Micheluzzu, Patrizia and Jorge after kneading over 50 pounds of dough one very early morning. The wooden trough in the foreground is called a mailla and was used in most homes in the past to assist in kneading voluminous amounts of dough. You can find these wooden troughs in most outdoor markets today throughout Calabria since it is seen as an antique and not really used in modern home kitchens today.


Bread is sacred in Calabria and it was always homemade. Most families baked their own bread at home in wood-burning ovens.


Families were also larger then so making tons of bread of all shapes and sizes was necessary in order to feed everyone and keep them satiated for several weeks at a time until repeating the all-day bread making process all over again. The wooden trough shown in this week’s video is called a mailla where we stay in the province of Reggio. These wooden troughs were often used to knead very large voluminous amounts of dough. Often requiring two (or more) people to knead at a time. The kneading process (which also includes using one’s fist very vigorously) can take over an hour to reach the proper consistency.

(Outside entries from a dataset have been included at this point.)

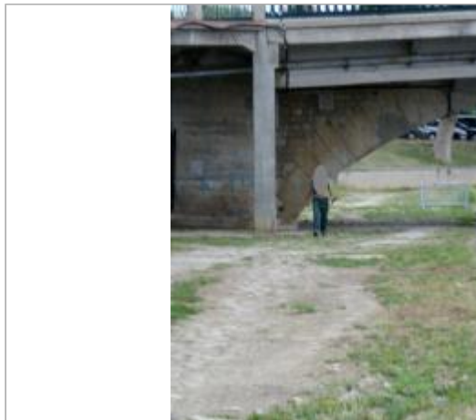
Vue de l'arche de décharge du pont de Joigny depuis l'aval le 11 août 2010

Coordonnées WGS84 : X: 3.39569460 / Y: 47.98153900
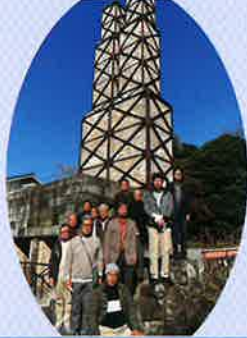
伊豆への視察研修
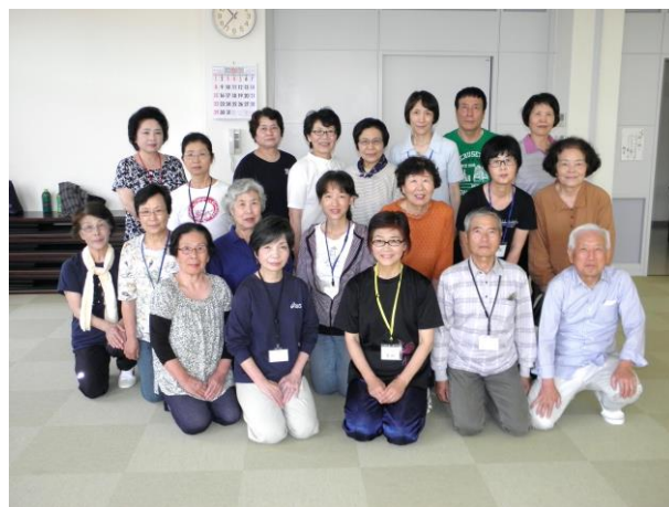
板東支部のみなさん 板東公民館
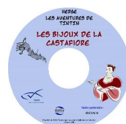
Les Bijoux de la Castafiore
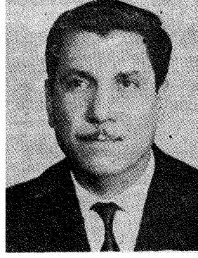
بقلم عبد الوهاب البياتي

قال محتوي لعاشق : ايها الفسى انت قد رايت في غريبك مدى كثره فحبرني : ايه مدينته من ههذه اطيب ، . . فاجاب : بلك المدينه التي فيها من اخطف لملي من مصيده « مدينة السلق » لجلال الدين الرومي
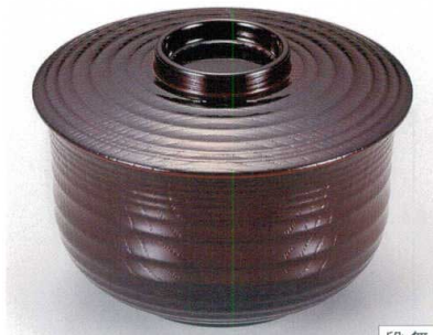
7-304-5 TA かぶせ木目飯器 溜内朱 W-7-98 ¥1,200 (12.5φ×8.8・内寸11.1φ×6.5) 櫃100 550cc
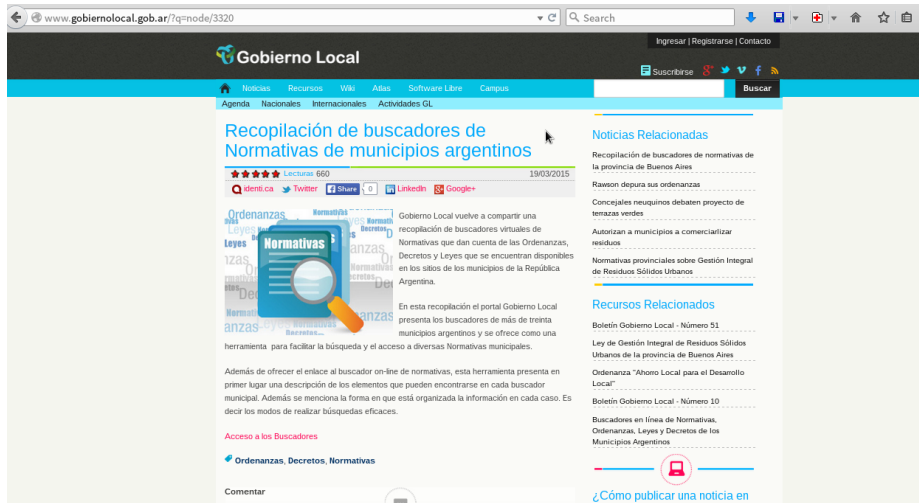
Fig. 3. Vista de un recurso en el portal GL y su información relacionada según taxonomías.

captadas por el equipo (lugares, presentaciones, imágenes originales, etc.) y cedidas por usuarios Colaboradores (ver más adelante).
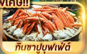
กินชาบูบุฟเฟ่ต์
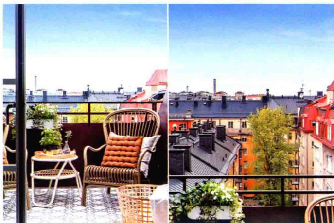
△ 北欧家居常用软装布置诠释出一种随性的生活态度
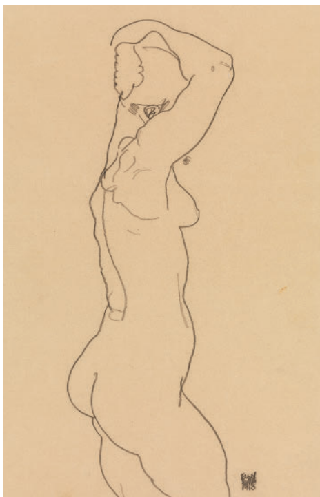
Эгон Шиле. Стоящая обнаженная, вид справа. 1918
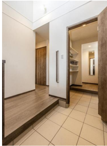
吹抜けのある玄関は、シューズクローゼットを経由してホールにつながる家族用の動線を確保。
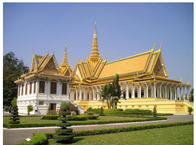
Königspalast in Phnom Penh

Rückfahrt nach Phnom Penh und gemeinsames Abendessen in einem Restaurant.
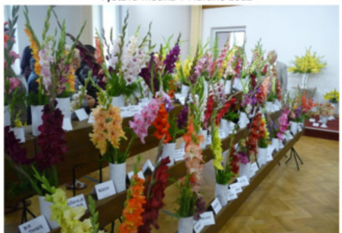
Výstava mečků ve Vysokém Mýtě 2012
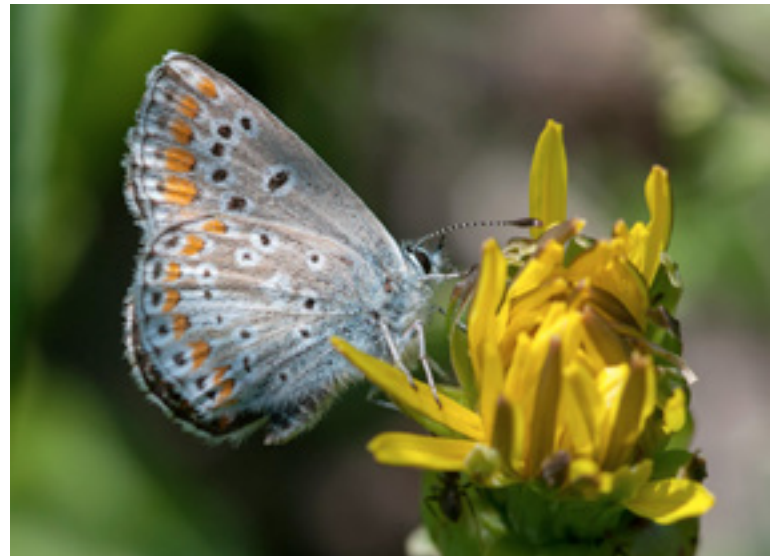
Bruin blauwtje, een soort van zandgronden

Bruin blauwtje werd hier recent gespot. Deze soort vind je normaal terug in duinen en opgespoten zandterreinen. Deze vlinder is zeker geen gewone gast. Vooral als je weet dat het een kwetsbare soort is én een troetelsoort van het project 'de Antwerpse haven natuurlijker', waar naar een evenwicht wordt gezocht tussen de ontwikkeling van de haven en van de natuur.
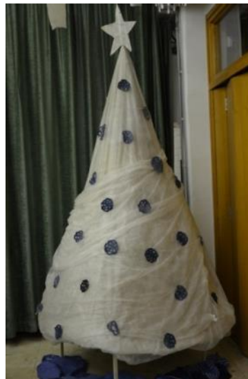
Slika 21: Novoletna smreka

V jedilnico smo postavili tudi smreko, ki smo jo prav tako naredili iz odpadnih cunj in že večkrat uporabljene koprene. Na vrh smreke smo postavili zvezdo, edini element, ki je ostre oblike.
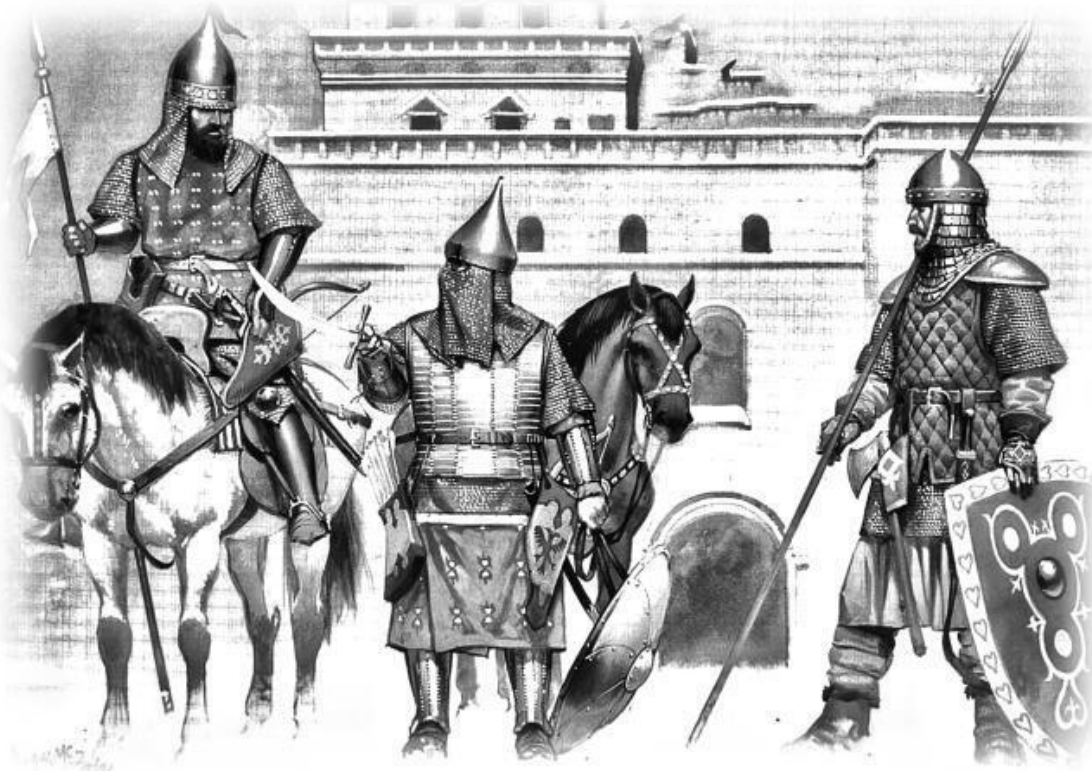
Русские воины XVI века

Василий III 20 лет прожил со своей женой Соломонией из боярского рода Сабуровых. Но оказалось, что она не может родить детей. В наше время обратились бы к врачам, а тогда подобные болезни лечить не умели. А если великий князь умрёт бездетным, престол достанется его брату. Встревожился митрополит Даниил. Представил, что случится, если государем станет Юрий. Он и с Сигизмундом уже связывался, и с заговорщиками. Будет переделывать Россию, как хочется боярам. Заведёт дружбу с поляками, католиками, согласится принять унию. Священники докладывали митрополиту и о том, что некоторые бояре связаны с сектантами. С их стороны Церкви тоже грозила опасность. Начнётся такая же буча, как в Европе, где протестанты взялись переделывать веру.
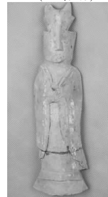
20.五代灰陶双角冠侍俑 (藏 1:3108)
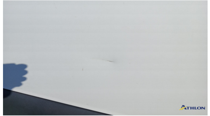
3. porta anteriore - sinistra Graffio/Rigature
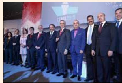
Everepuditisi ventiunt laut a dolupti-nullo omnim alique quo il id quaecae laccum que explissiti aci unt utam corruptasit molupti solestiam eari
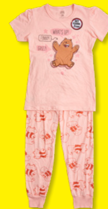
CN WE BARE BEARS Estilo: 829UX

Dos modelos calificaron como Suficiente, ya que sufrieron un encogimiento de entre el 6% y el 11%, el cual ya es notable.
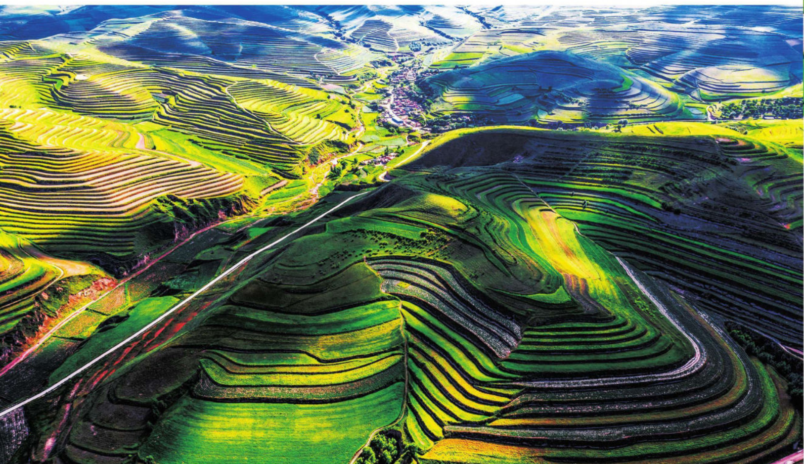
海原梯田
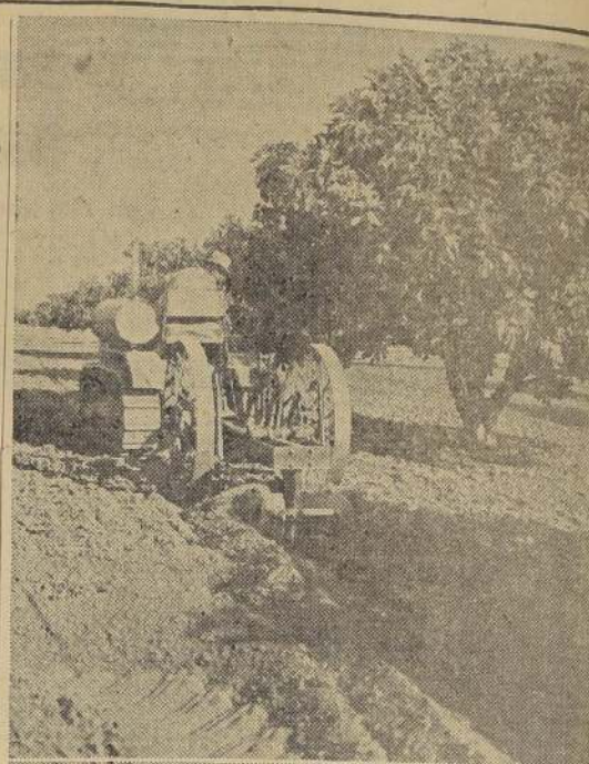
Los llamados "tractores hortícolas", prestan en los huertos de árboles frutales los mismos servicios que los tractores de gran potencia proporcionan en los campos de cereales, al paso que las gradas, arados de discos y varios otros aperos de cierto tipo, producen cada vez mayores beneficios pecuniarios en la ejecución de dichos trabajos.

1371 - Huérfanos - 1381 o a sus Agentes en todo el país Pág. Agr.-X
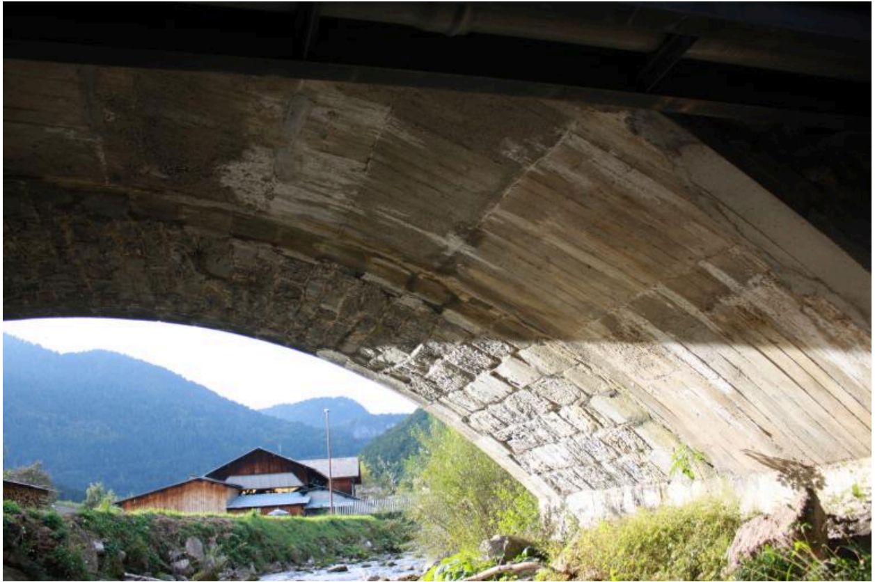
Pont de la Glières, détail intrados

On the farm, during our Culinary Tour, we include a Calabrian bread making lesson where we start very early in the morning and prep and knead and bake throughout the day. We knead over 50 pounds of dough in a mailla and watch the farmhands prep the outdoor wood-burning oven filled with olive tree branches to infuse it with the proper aroma and temperature for baking all the bread. Finally, we enjoyed the fruits of our hard earned labor that same day al fresco on the farm alongside fresh tomatoes, pickled vegetables, cheeses, wine and cured meats. All grown and produced on the farm. It was absolutely magical.


These grains are grown right on the farm and used for our bread making lesson. We all pitched in and made quite a bit of bread on the farm during our Culinary Tour in 2019.

Here’s Patrizia, Martha and Micheluzzu vigorously using their fists to knead over 50 pounds of dough in the wooden trough called a mailla.

Maureen was very proud of her new dough rolling skills she learned that very same day on the farm by the strong Calabrisella herself: Patrizia.

The farm’s outdoor wood-burning oven getting prepped with olive tree branches. The branches are burned for a couple of hours until they are complete white ash. They are then removed before baking the bread.

This is the finished product later that same day. We were able to feast on this delicious bread baked inside a wood-burning oven by stuffing it with deliciously-local-fresh tomatoes. The bread is dense in texture but was rather light on the stomach. It was so satisfying!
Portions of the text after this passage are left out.